━━ DATASET

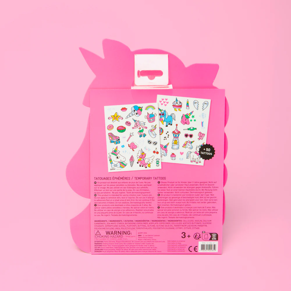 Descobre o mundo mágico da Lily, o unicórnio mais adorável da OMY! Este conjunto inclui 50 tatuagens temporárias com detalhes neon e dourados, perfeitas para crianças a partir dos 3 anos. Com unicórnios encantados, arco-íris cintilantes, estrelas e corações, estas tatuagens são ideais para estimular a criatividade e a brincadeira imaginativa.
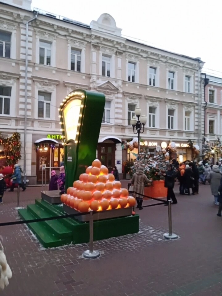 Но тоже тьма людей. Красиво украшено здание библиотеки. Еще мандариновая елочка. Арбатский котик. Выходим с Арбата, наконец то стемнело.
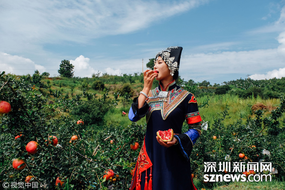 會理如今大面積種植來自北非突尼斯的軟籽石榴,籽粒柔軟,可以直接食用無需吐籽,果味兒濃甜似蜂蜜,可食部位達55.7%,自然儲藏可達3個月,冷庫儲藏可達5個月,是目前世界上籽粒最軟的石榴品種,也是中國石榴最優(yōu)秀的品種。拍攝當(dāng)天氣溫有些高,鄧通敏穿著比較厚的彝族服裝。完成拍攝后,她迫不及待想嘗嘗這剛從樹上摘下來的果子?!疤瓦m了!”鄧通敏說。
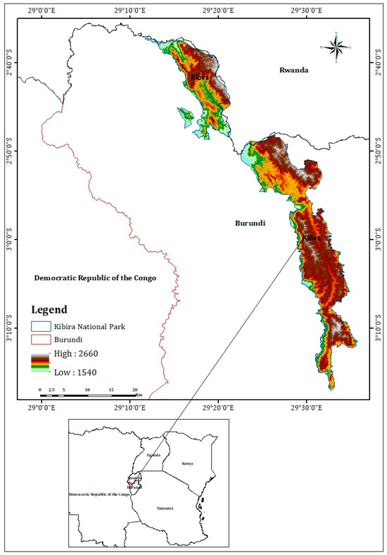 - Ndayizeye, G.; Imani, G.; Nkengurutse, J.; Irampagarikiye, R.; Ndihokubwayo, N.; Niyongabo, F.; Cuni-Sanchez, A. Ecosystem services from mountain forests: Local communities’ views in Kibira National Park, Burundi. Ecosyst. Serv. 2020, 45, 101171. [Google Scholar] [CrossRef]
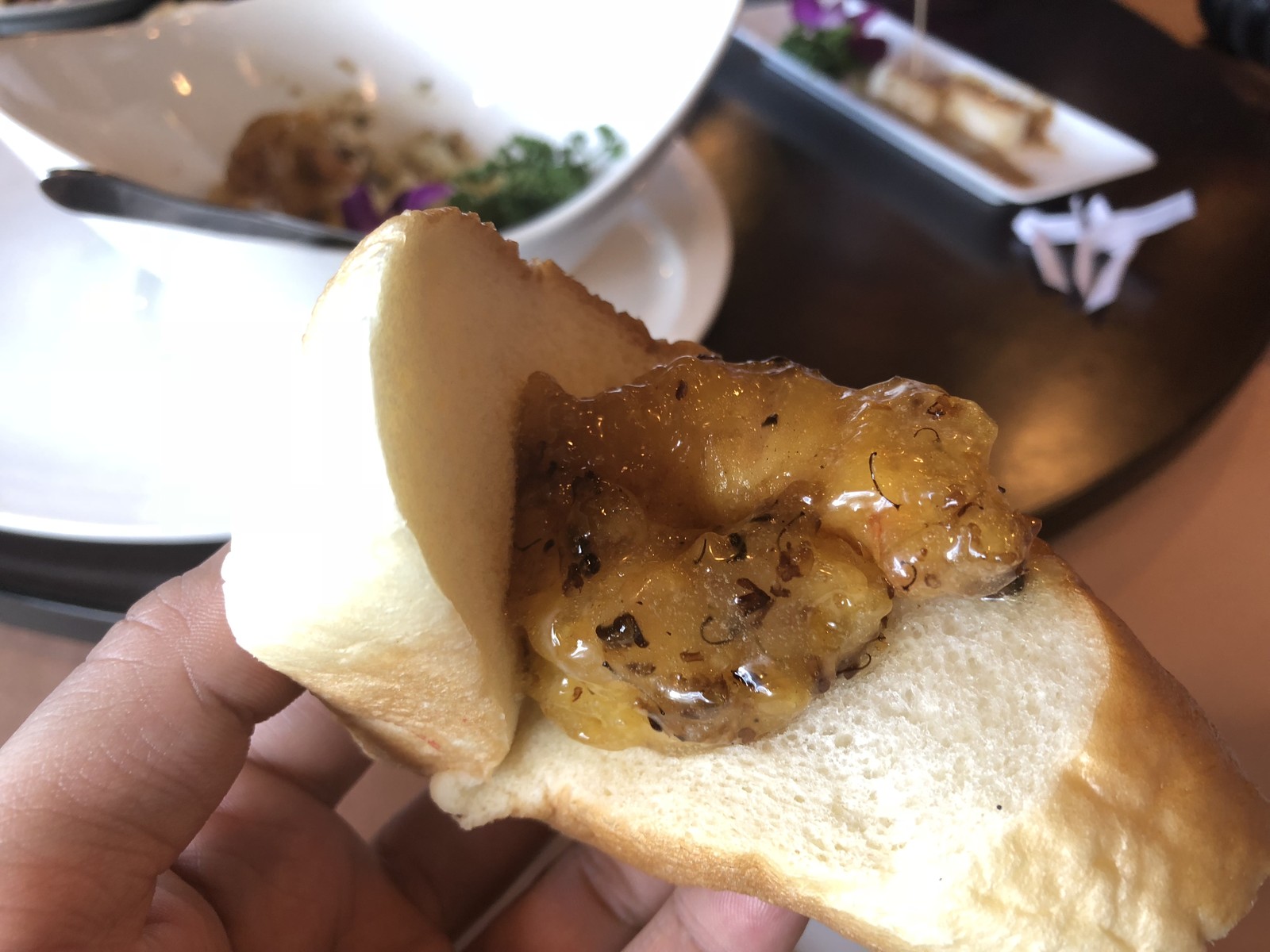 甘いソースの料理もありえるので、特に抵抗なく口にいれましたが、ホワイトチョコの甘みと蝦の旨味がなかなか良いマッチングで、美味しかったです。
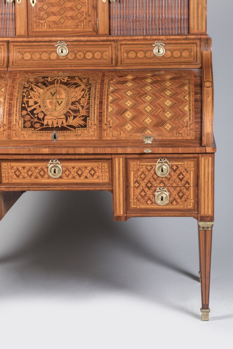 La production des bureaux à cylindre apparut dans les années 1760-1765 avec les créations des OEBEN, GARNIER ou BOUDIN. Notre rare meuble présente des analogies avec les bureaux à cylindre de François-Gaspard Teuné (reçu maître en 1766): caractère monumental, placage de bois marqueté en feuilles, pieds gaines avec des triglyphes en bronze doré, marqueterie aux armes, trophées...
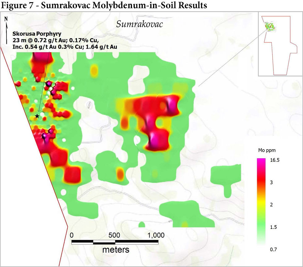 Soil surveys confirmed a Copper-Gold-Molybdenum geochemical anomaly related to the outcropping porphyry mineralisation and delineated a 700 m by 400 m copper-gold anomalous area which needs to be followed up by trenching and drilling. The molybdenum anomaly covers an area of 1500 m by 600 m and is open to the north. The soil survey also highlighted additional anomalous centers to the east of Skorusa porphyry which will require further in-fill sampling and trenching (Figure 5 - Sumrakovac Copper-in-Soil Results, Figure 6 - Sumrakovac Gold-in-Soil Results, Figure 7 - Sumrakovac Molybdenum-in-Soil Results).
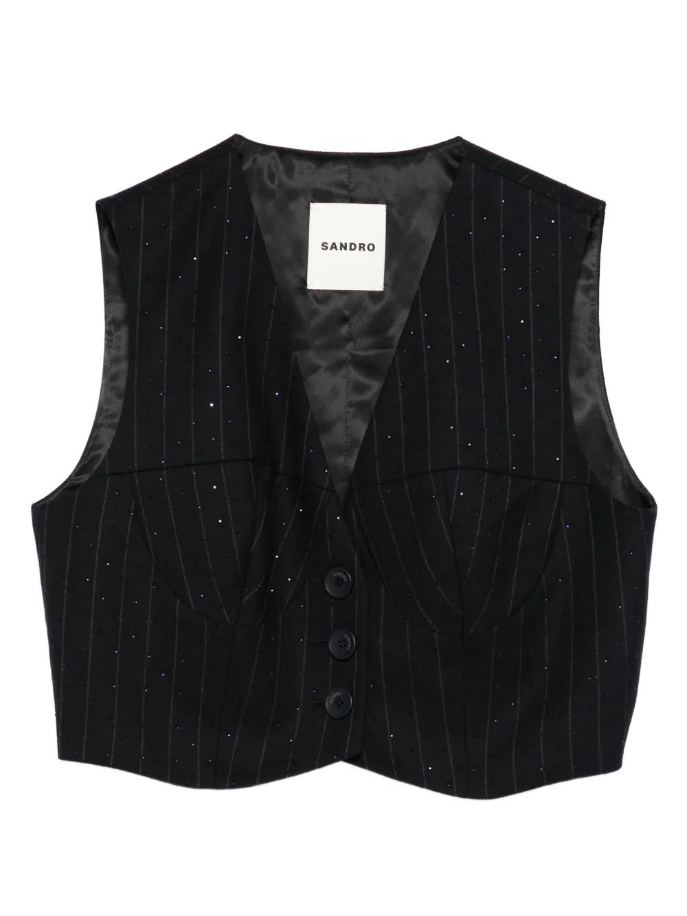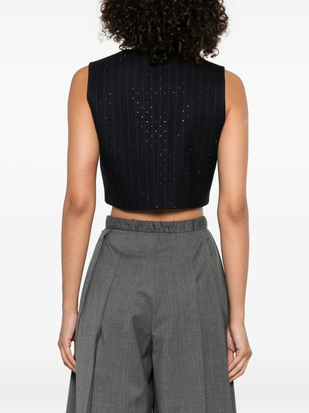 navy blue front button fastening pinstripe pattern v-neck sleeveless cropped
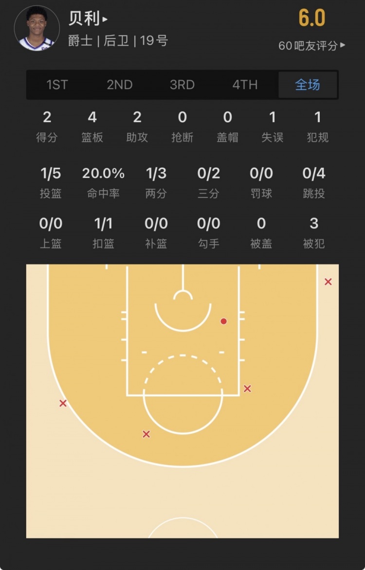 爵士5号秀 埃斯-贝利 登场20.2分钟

━━━━
━━ DATASET

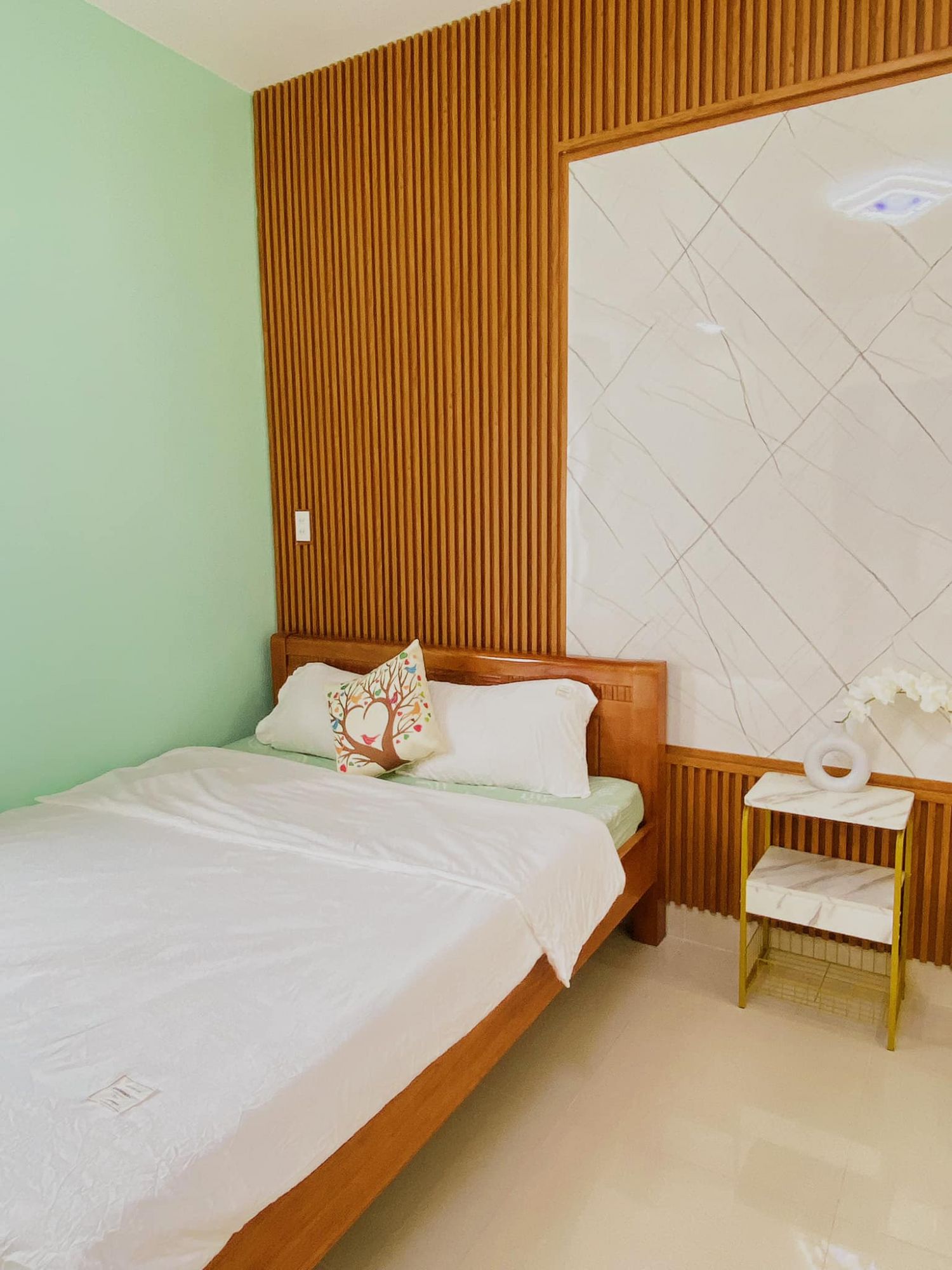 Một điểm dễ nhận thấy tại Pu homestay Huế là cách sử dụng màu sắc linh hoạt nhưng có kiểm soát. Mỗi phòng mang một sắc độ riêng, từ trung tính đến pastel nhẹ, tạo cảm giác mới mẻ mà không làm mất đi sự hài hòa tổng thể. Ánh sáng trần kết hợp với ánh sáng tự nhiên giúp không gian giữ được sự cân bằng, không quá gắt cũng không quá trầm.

━━━━

Start at the line above containing "Descobre o mundo" and stop at the line containing "Но тоже тьма": print those lines and everything between them exactly, but not the pictures.

- **RESULT OF THIS EXERCISE**:
 Descobre o mundo mágico da Lily, o unicórnio mais adorável da OMY! Este conjunto inclui 50 tatuagens temporárias com detalhes neon e dourados, perfeitas para crianças a partir dos 3 anos. Com unicórnios encantados, arco-íris cintilantes, estrelas e corações, estas tatuagens são ideais para estimular a criatividade e a brincadeira imaginativa.
 Но тоже тьма людей. Красиво украшено здание библиотеки. Еще мандариновая елочка. Арбатский котик. Выходим с Арбата, наконец то стемнело.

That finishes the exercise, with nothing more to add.